## TASK BRIEF
Starting at the first line of the listing below, repeat each line up to and including the one containing "We launched Tic". Leave out pictures.

## DATASET EXTRACT
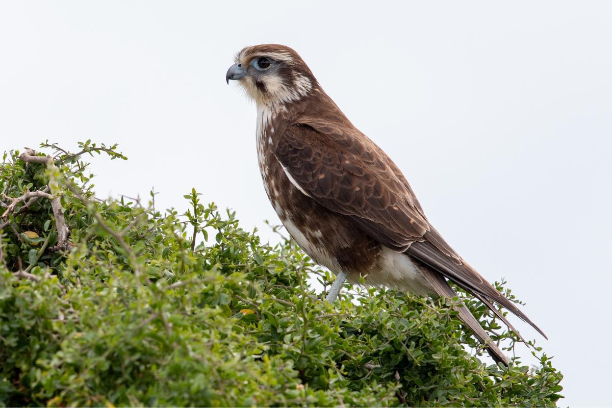 As you can see in the picture below, the brown falcon is a type of falcon with brown plumage. It also has some mottled white feathers, especially on the underparts and around the face. They are a relatively large type of falcon and are said to sometimes start fires to help prey on animals.
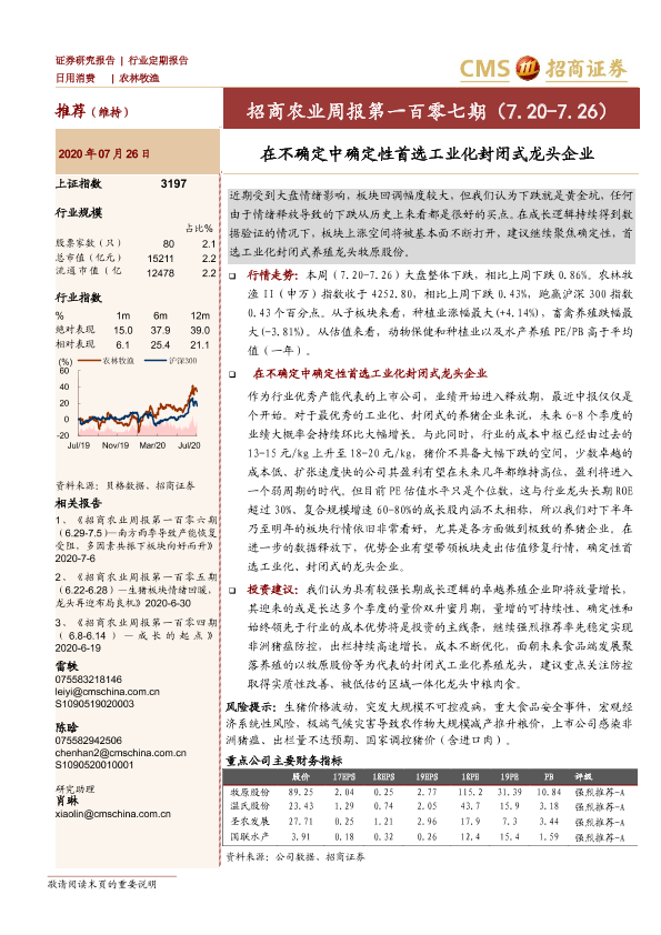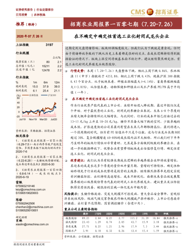 【海通证券】【20200726】招商农业周报第一百零七期:在不确定中确定性首选工业化封闭式龙头企业-27页
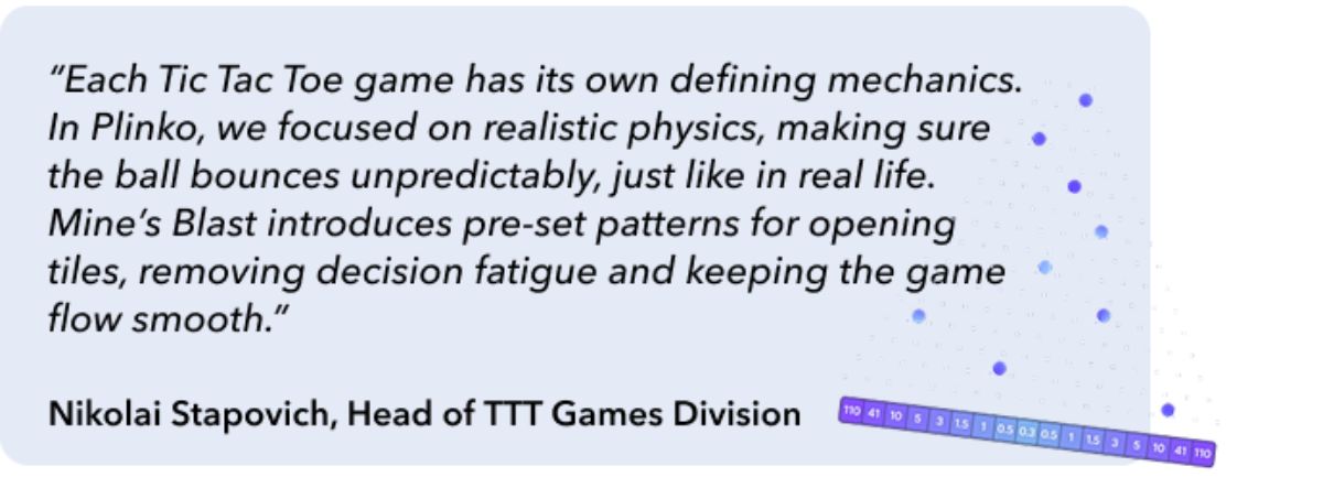 We launched Tic Tac Toe Games in January 2025, with Space Blaze as the first release, setting the tone for the brand. Now, we’re expanding the collection with Crash, Plinko, Mines, Dice, Keno, and a huge amount of other games, designed to deliver fast, rewarding gameplay without unnecessary complexity.
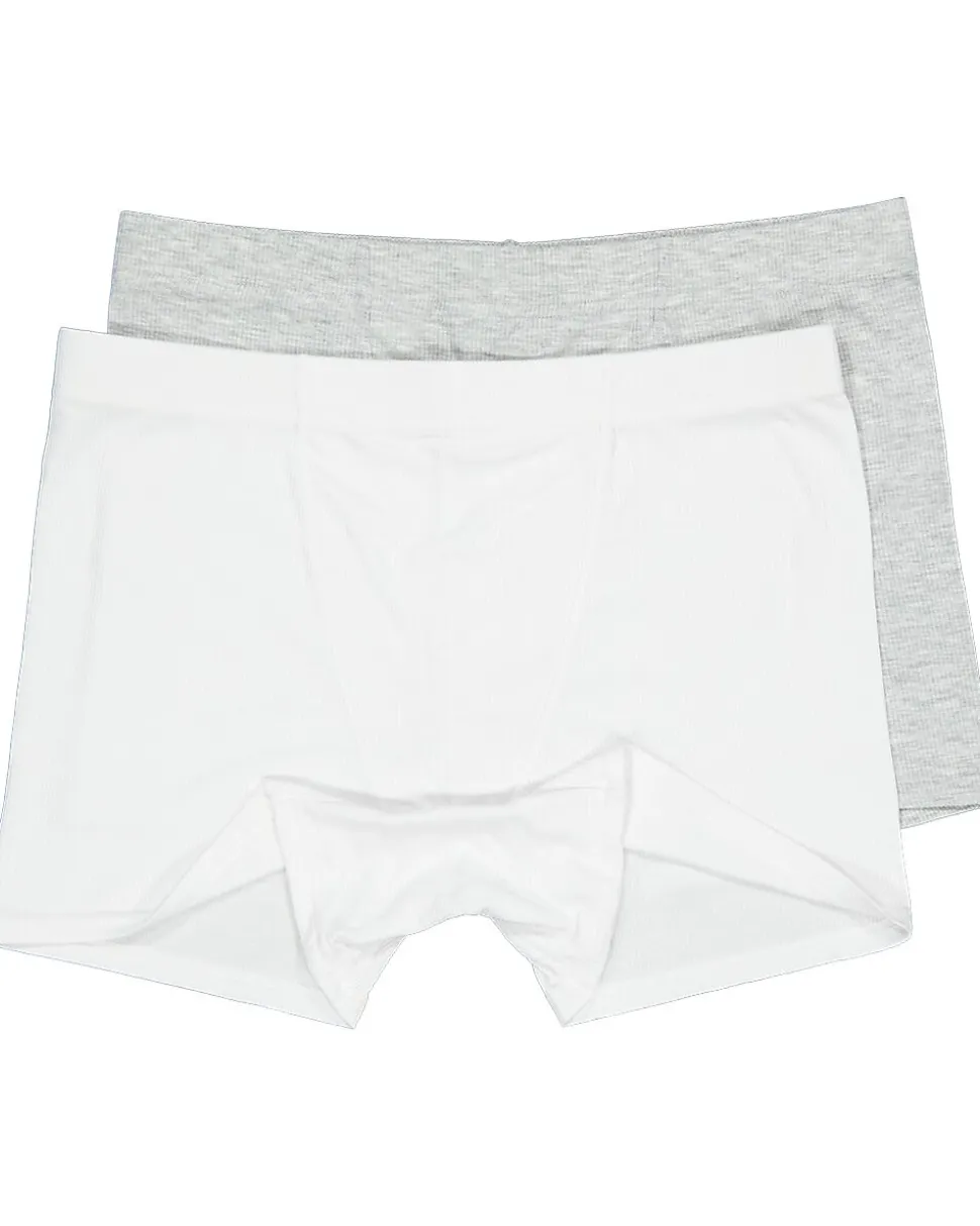 Ces boxers pour femme sont déclinés en blanc et gris clair. Ils sont vendus par lot de deux. Ils présentent une texture côtelée douce et une large taille élastiquée, offrant un bon maintien et une liberté de mouvement agréable. Le tissu est composé de viscose et d’élasthanne, pour des boxers souples au toucher.
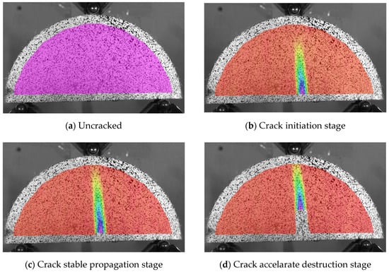 In order to more clearly observe the process of crack initiation and propagation and describe the strain distribution field of the specimen, digital image correlation (DIC) technology was adopted to analyze the strain distribution of the front face of the semi-circular specimen during fatigue process. The stages of crack initiation, propagation and accelerated destruction during the entire duration of the fatigue process can also be visualized using the DIC method. The transverse strain distribution fields at different stages of the fatigue process under stress ration 0.5 are shown in Figure 7. The strain distribution under other stress ratios are similar, and not discussed further in this paper.

## RESULT FOR THIS TASK
 As you can see in the picture below, the brown falcon is a type of falcon with brown plumage. It also has some mottled white feathers, especially on the underparts and around the face. They are a relatively large type of falcon and are said to sometimes start fires to help prey on animals.
 【海通证券】【20200726】招商农业周报第一百零七期:在不确定中确定性首选工业化封闭式龙头企业-27页
 We launched Tic Tac Toe Games in January 2025, with Space Blaze as the first release, setting the tone for the brand. Now, we’re expanding the collection with Crash, Plinko, Mines, Dice, Keno, and a huge amount of other games, designed to deliver fast, rewarding gameplay without unnecessary complexity.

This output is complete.